AIM OF THE EXERCISE: Beginning at the line that holds "Cuatro pacientes recibieron", repeat every line through the last line of the material, exactly, and drop any pictures.

EXTRACTED MATERIAL:
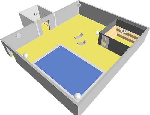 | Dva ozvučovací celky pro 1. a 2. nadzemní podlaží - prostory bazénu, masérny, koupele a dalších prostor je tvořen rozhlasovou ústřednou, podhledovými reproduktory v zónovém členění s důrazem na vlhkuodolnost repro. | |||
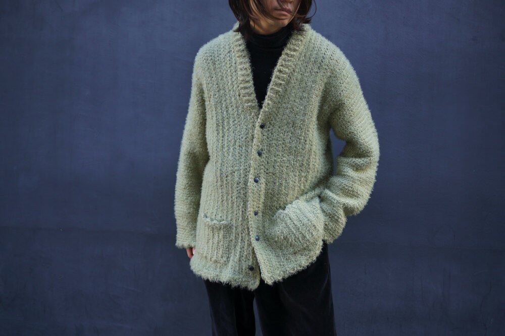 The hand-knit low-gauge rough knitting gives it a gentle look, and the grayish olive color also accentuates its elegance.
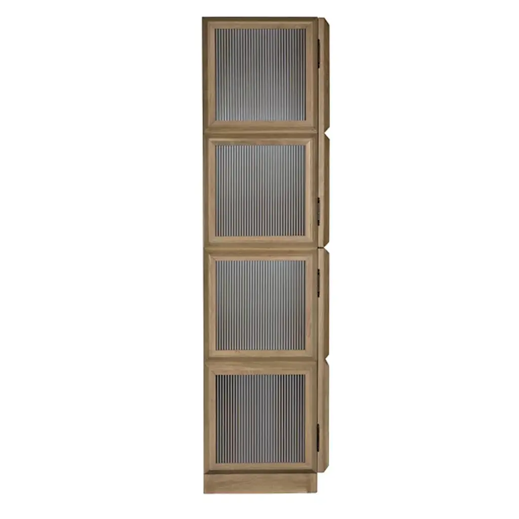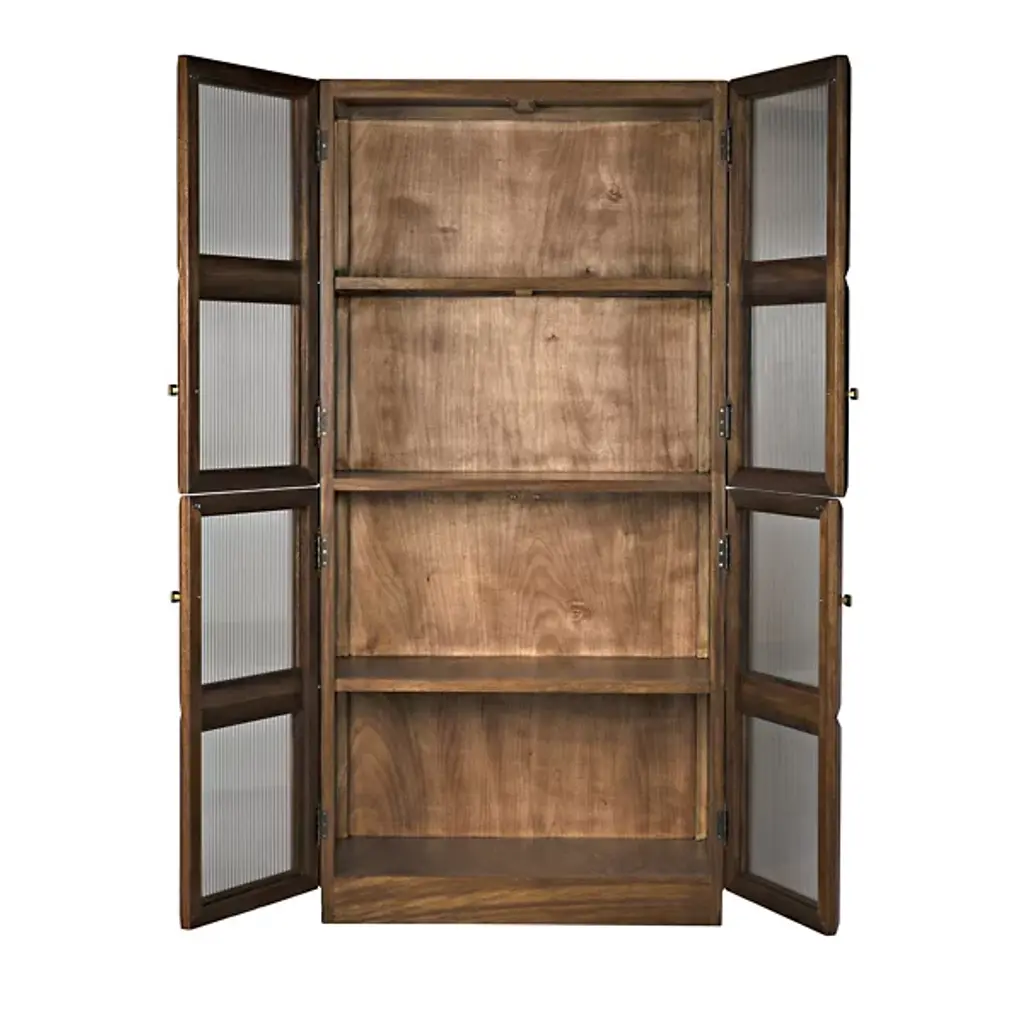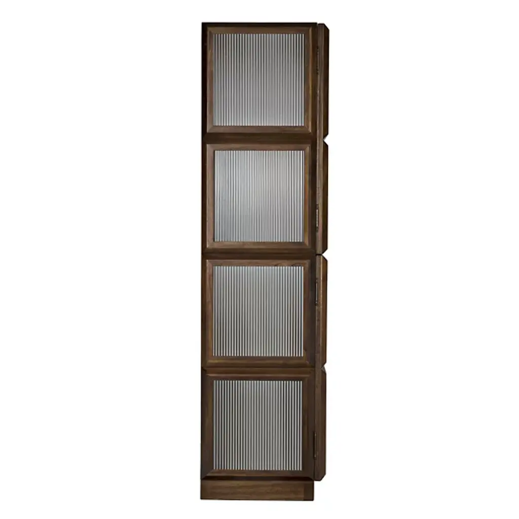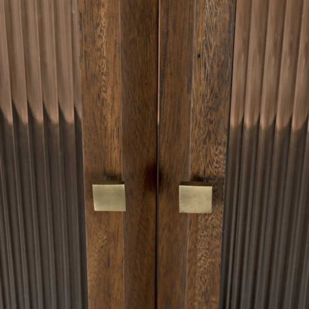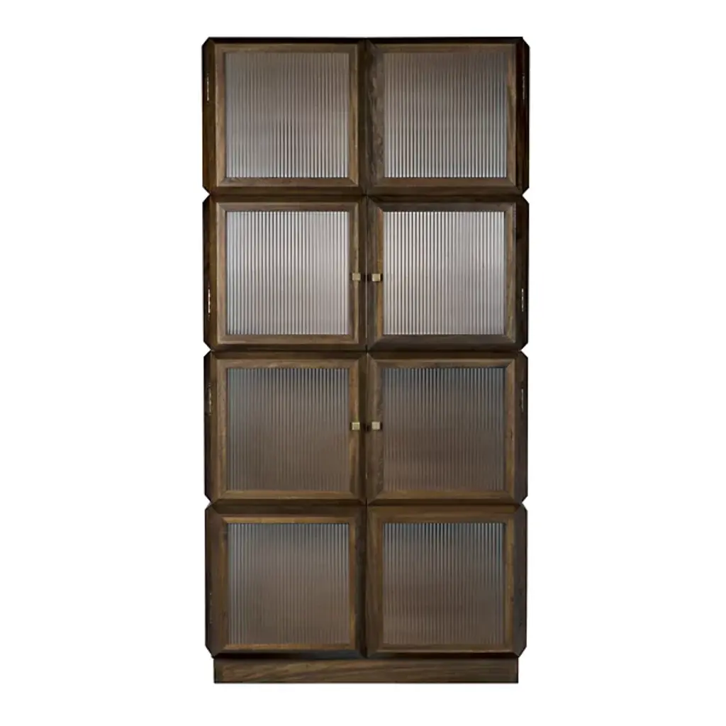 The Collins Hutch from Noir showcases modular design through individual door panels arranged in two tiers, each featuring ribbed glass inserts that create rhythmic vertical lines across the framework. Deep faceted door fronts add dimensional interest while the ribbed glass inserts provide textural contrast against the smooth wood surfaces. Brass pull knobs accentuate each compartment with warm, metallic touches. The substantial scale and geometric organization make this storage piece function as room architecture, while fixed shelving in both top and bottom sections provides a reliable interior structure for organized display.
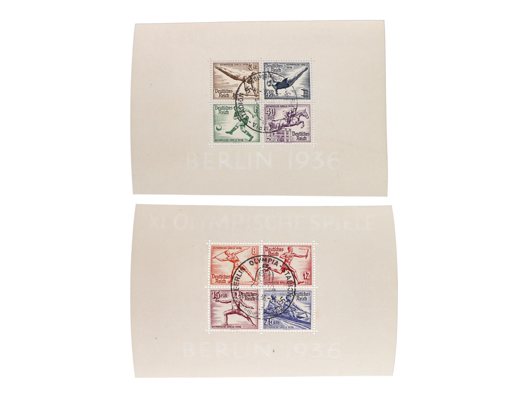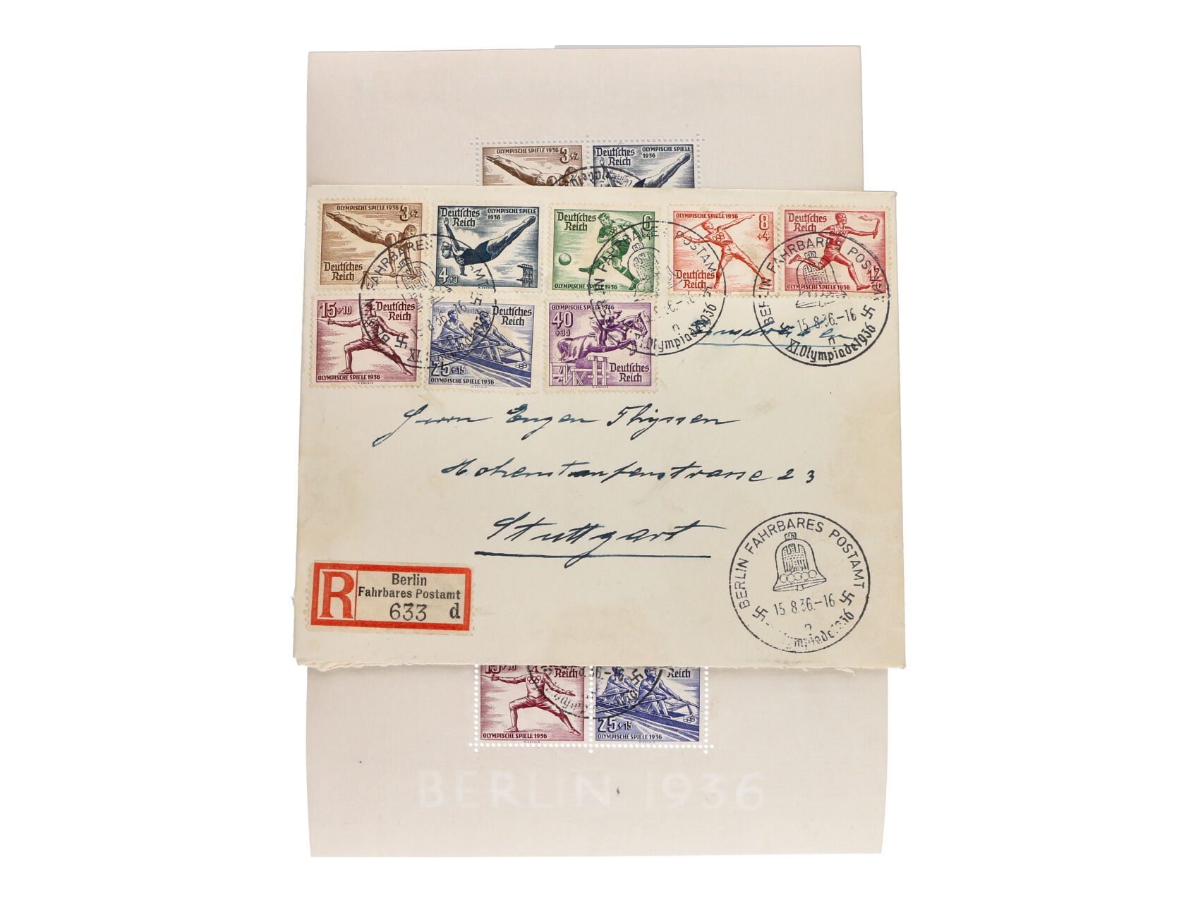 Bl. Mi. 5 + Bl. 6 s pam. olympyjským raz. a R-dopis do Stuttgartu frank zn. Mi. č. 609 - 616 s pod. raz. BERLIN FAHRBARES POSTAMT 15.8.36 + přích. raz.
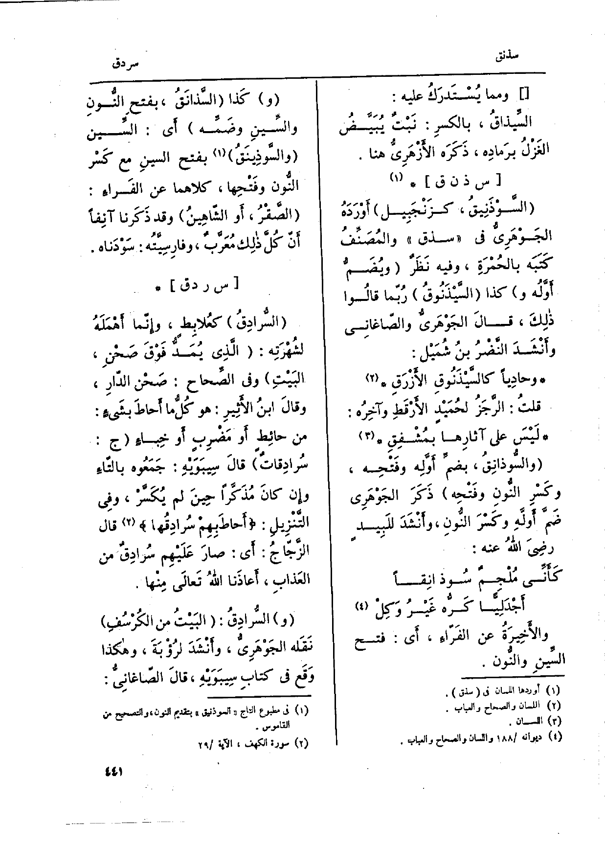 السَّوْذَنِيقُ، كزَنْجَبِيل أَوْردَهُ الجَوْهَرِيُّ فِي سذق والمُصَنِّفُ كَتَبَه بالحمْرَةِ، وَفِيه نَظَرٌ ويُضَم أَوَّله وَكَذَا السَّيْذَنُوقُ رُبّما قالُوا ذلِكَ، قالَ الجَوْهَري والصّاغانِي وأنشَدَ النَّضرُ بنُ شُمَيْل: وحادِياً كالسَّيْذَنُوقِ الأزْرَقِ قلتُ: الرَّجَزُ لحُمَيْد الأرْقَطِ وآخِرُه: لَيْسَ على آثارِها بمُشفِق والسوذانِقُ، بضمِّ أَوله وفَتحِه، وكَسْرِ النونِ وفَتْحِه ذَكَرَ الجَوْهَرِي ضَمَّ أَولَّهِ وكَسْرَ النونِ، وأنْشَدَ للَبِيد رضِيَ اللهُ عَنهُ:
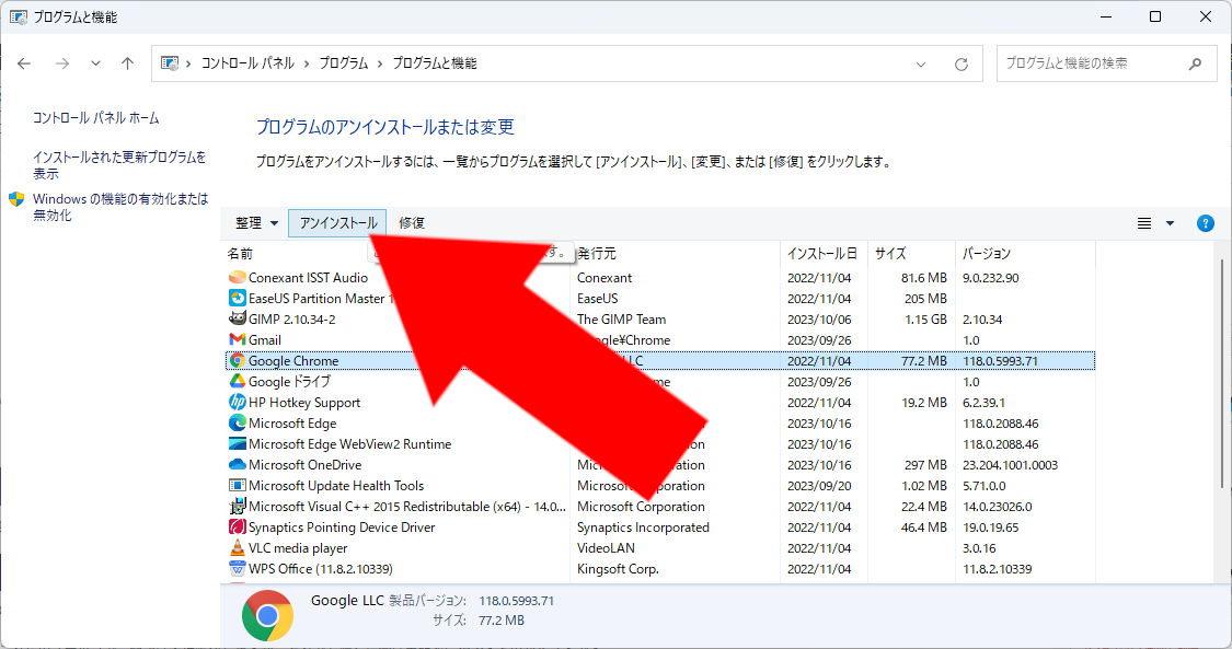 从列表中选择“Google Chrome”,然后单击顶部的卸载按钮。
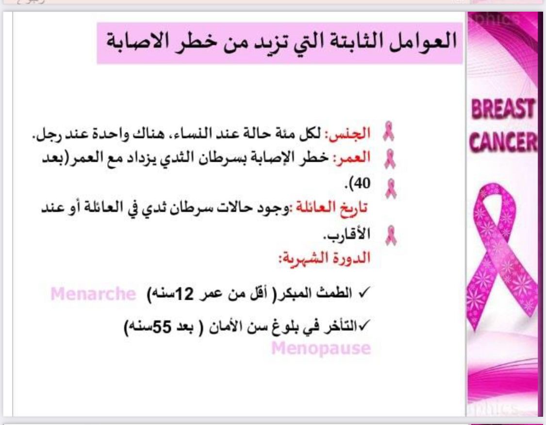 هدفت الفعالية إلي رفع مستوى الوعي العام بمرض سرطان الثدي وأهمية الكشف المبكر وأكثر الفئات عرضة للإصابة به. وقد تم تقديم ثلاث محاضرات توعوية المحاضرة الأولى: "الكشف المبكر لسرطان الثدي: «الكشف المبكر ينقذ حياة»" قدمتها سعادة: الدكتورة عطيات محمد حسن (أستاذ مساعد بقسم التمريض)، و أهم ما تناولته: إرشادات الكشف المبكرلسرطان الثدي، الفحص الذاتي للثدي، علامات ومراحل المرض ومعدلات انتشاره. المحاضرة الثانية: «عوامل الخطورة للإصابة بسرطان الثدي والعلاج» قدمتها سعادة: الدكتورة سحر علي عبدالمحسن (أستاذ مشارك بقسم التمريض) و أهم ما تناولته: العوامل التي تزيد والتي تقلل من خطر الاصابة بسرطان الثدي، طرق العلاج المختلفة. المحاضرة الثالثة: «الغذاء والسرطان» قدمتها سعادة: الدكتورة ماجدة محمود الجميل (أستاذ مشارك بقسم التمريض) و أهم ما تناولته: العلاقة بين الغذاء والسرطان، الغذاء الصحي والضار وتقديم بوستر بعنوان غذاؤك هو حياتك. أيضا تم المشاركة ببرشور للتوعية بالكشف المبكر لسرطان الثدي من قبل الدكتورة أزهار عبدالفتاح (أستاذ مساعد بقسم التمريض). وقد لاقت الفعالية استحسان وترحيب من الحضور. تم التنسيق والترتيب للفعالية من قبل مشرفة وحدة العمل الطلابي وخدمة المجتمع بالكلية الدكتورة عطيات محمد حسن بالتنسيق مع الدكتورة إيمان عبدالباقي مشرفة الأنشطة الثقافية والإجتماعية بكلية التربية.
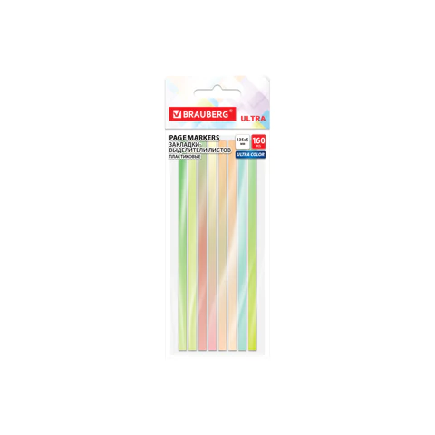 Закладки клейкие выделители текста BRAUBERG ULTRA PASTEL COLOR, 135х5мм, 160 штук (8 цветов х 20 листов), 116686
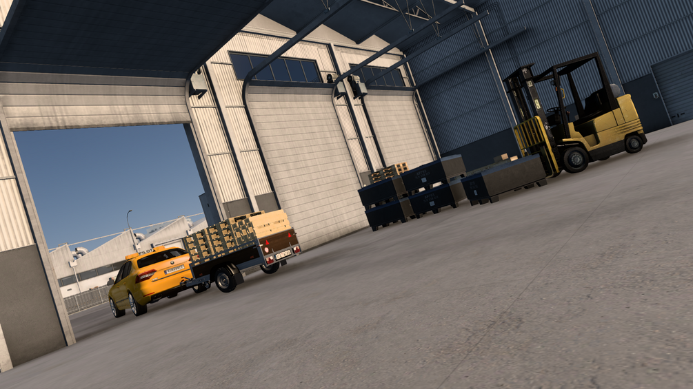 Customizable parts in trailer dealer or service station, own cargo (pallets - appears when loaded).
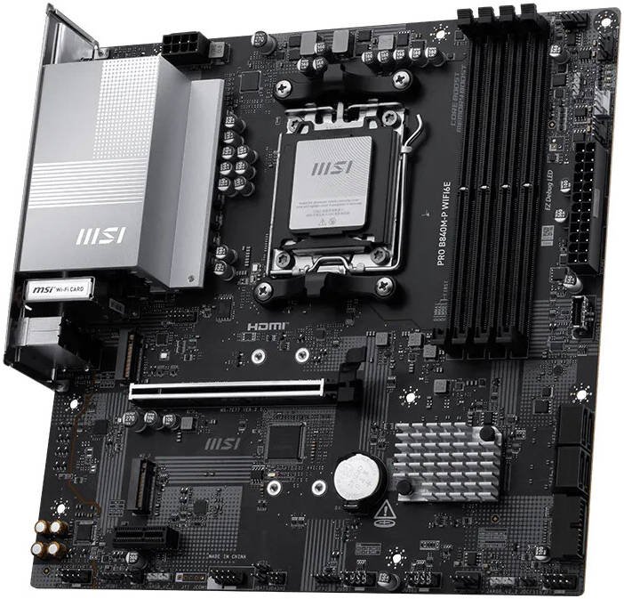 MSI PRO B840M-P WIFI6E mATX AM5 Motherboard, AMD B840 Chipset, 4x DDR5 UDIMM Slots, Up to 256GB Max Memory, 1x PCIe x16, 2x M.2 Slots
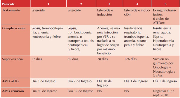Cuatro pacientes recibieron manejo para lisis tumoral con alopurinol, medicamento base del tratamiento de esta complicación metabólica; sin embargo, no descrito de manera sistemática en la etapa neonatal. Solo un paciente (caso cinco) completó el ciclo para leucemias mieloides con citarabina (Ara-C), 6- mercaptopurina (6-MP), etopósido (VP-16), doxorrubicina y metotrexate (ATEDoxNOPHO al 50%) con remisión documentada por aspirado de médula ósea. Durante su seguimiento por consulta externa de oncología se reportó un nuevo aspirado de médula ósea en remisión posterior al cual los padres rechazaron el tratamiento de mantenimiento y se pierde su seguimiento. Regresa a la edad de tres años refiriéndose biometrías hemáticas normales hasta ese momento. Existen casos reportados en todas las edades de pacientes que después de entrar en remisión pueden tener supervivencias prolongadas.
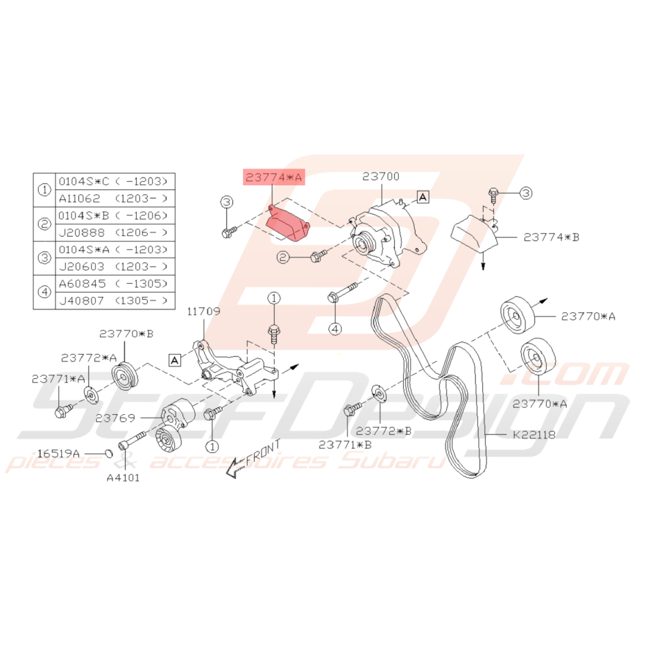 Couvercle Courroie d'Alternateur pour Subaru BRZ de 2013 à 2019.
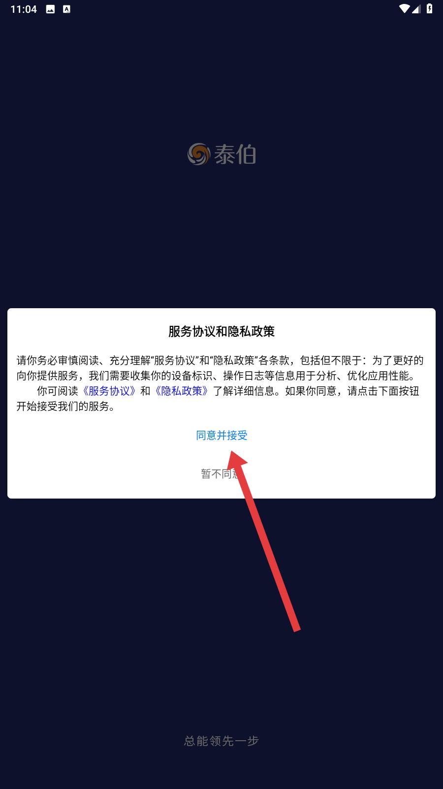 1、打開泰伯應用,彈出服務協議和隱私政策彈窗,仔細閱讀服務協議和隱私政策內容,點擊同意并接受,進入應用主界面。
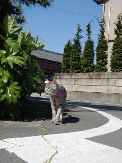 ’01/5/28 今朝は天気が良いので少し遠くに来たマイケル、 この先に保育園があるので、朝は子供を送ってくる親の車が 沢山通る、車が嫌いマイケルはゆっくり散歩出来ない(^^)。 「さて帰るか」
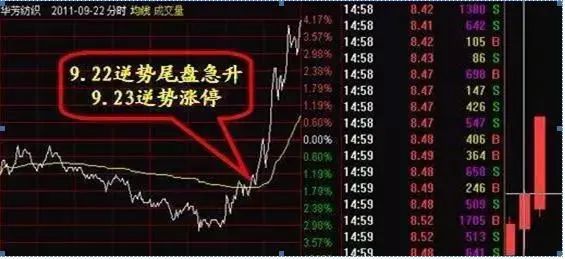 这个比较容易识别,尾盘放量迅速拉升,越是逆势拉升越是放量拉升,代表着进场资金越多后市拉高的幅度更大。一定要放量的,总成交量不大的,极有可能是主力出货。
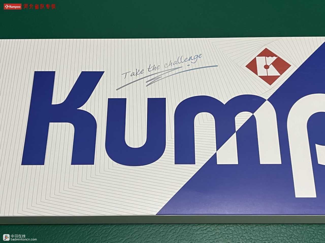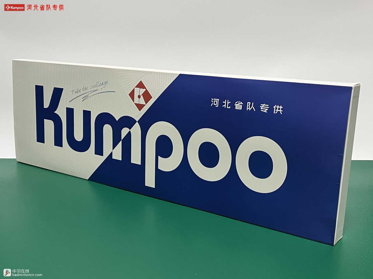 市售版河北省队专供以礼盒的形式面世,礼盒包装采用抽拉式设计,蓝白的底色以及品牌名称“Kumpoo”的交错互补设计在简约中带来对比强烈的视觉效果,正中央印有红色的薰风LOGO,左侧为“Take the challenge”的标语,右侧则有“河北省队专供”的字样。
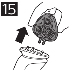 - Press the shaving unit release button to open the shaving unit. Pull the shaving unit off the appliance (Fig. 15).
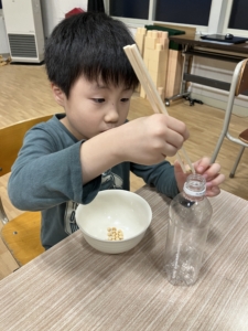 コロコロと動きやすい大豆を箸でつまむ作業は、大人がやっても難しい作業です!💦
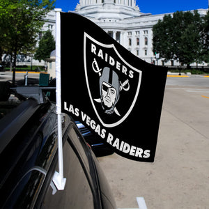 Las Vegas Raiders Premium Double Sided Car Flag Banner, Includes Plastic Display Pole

TASK SOLUTION:
Cuatro pacientes recibieron manejo para lisis tumoral con alopurinol, medicamento base del tratamiento de esta complicación metabólica; sin embargo, no descrito de manera sistemática en la etapa neonatal. Solo un paciente (caso cinco) completó el ciclo para leucemias mieloides con citarabina (Ara-C), 6- mercaptopurina (6-MP), etopósido (VP-16), doxorrubicina y metotrexate (ATEDoxNOPHO al 50%) con remisión documentada por aspirado de médula ósea. Durante su seguimiento por consulta externa de oncología se reportó un nuevo aspirado de médula ósea en remisión posterior al cual los padres rechazaron el tratamiento de mantenimiento y se pierde su seguimiento. Regresa a la edad de tres años refiriéndose biometrías hemáticas normales hasta ese momento. Existen casos reportados en todas las edades de pacientes que después de entrar en remisión pueden tener supervivencias prolongadas.
 Couvercle Courroie d'Alternateur pour Subaru BRZ de 2013 à 2019.
 1、打開泰伯應用,彈出服務協議和隱私政策彈窗,仔細閱讀服務協議和隱私政策內容,點擊同意并接受,進入應用主界面。
 ’01/5/28 今朝は天気が良いので少し遠くに来たマイケル、 この先に保育園があるので、朝は子供を送ってくる親の車が 沢山通る、車が嫌いマイケルはゆっくり散歩出来ない(^^)。 「さて帰るか」
 这个比较容易识别,尾盘放量迅速拉升,越是逆势拉升越是放量拉升,代表着进场资金越多后市拉高的幅度更大。一定要放量的,总成交量不大的,极有可能是主力出货。
 市售版河北省队专供以礼盒的形式面世,礼盒包装采用抽拉式设计,蓝白的底色以及品牌名称“Kumpoo”的交错互补设计在简约中带来对比强烈的视觉效果,正中央印有红色的薰风LOGO,左侧为“Take the challenge”的标语,右侧则有“河北省队专供”的字样。
 - Press the shaving unit release button to open the shaving unit. Pull the shaving unit off the appliance (Fig. 15).
 コロコロと動きやすい大豆を箸でつまむ作業は、大人がやっても難しい作業です!💦
 Las Vegas Raiders Premium Double Sided Car Flag Banner, Includes Plastic Display Pole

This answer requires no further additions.